Here’s another dessert likely to incite freezer brain.
It’s just a little something elegant, sweet and chilled that makes a delightful end to a meal.
Serve it after an Italian meal, like this pasta or this one (served cold) or even pizza.
And here’s a recipe for the biscotti in the pic. Add some snappy packaging and they’ll make a great party favor or Christmas gift, for those of you thinking ahead. 😉
(Christmas?
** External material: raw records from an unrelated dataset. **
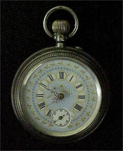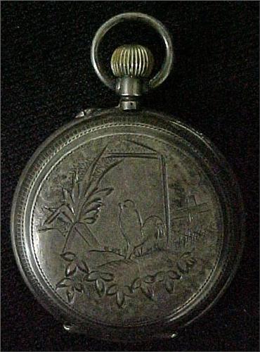 Lady's C. 1900 silver cased pendant watch with porcelain face; Roman numeral dial; marked 800 (silver); Ls. Jacot, No. 25170; Swiss movement; 1 3/8" diameter; back has engraved scene with roosters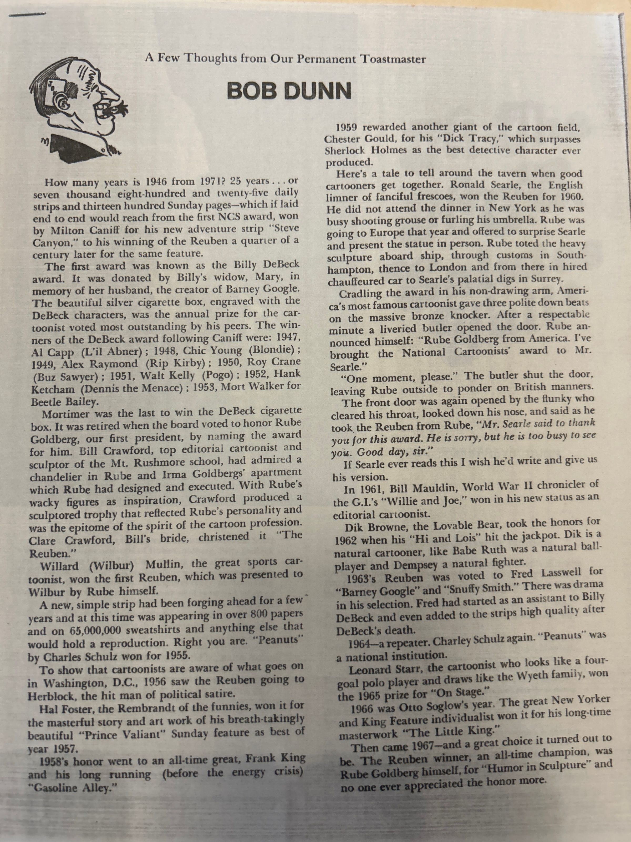 Photocopy of Speech from Bob Dunn at Reuben Goldberg DinnerCollection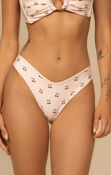 This charming bikini bottom adds a sweet touch to your beach looks. Featuring a mid-rise waist, moderate coverage, binded edges for durability, high cut leg, and a retro-style silhouette. Pair with the Cherries Tori Ties Bandeau Bikini top for the cutest swim set!

Did I just write that???)
Enjoy! -alyce eyster
Photo: Fulton Davenport
Coffee Granita with Frangelico and Sweet Cream
Author: culinarythymes.com
Recipe Type: dessert
Prep Time:
Cook Time:
Total Time:
Serves: 6
This dessert makes a striking presentation when served in a martini glass and garnished with your favorite flower.
Ingredients
- 4 cups strong coffee
- 4 Tblsp Frangelico
- 10 Tblsp sugar
- 2 cups heavy cream
- flowers for garnish
Instructions
- Combine the cooled coffee, Frangelico and 6 tablespoons of sugar. Stir until the sugar dissolves.
- Place in an 8x8 inch plastic container at least 2 inches deep, cover with the lid and place in the freezer for 2 hours. By that time the mixture will have begun to freeze. Stir it around with a fork and return to the freezer for another hour. Remove and stir again and return to the freezer for one more hour.
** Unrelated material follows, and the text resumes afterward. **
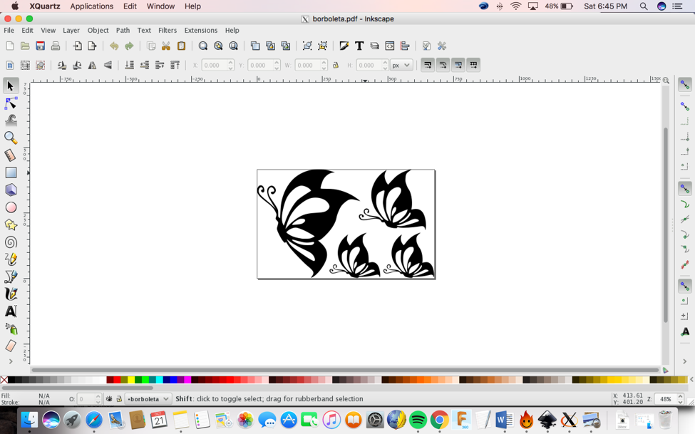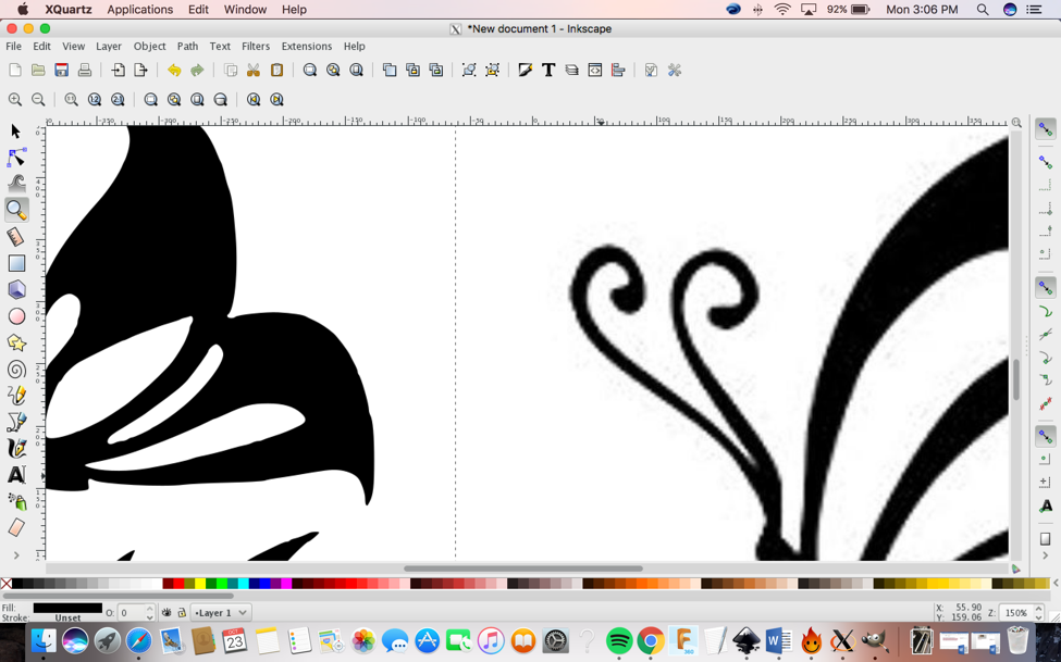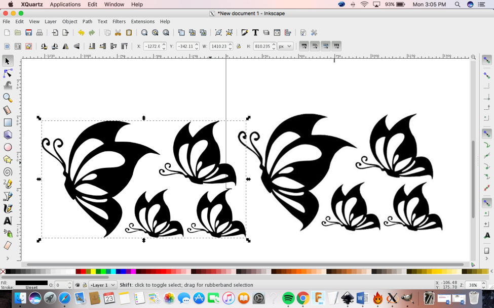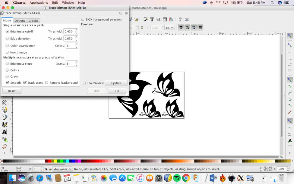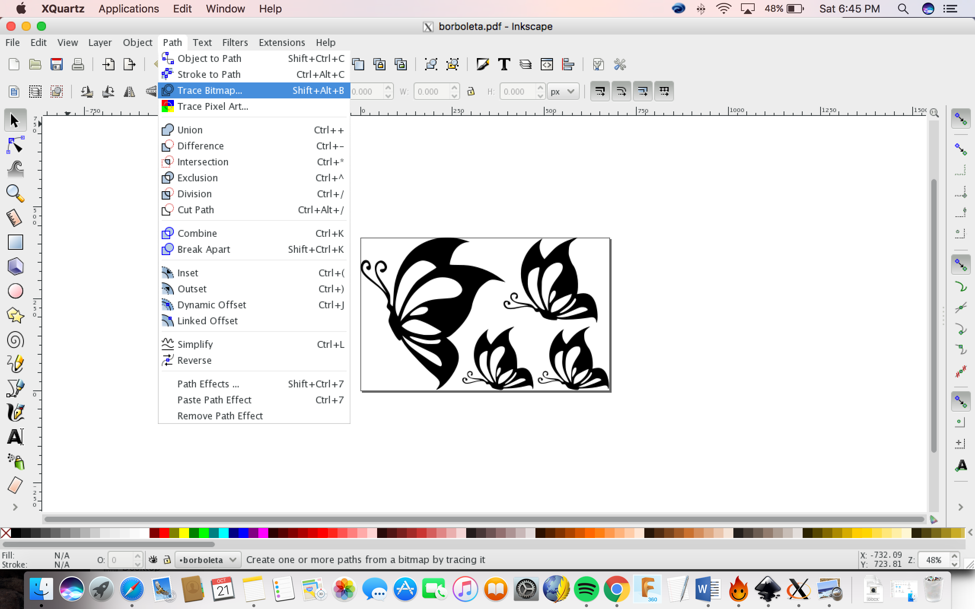 I decided to make four butterflies to stick on my bedroom wall.I used Inkscape to do it. First I needed to rasterize the JPG image on Inkscape by doing:

- The mixture should be completely frozen ice crystals at this point. It can be held at this servable stage in the freezer for another 3 to 4 hours. If you need to freeze it longer than 4 hours, simply place it in the refrigerator for about 30 minutes to soften it a little before serving.
- To make the sweet cream, combine the heavy cream and 4 tablespoons of sugar. To serve, pour about ¼ cup of the sweetened cream into each glass or bowl. Place a mound of the frozen granita on top and serve immediately.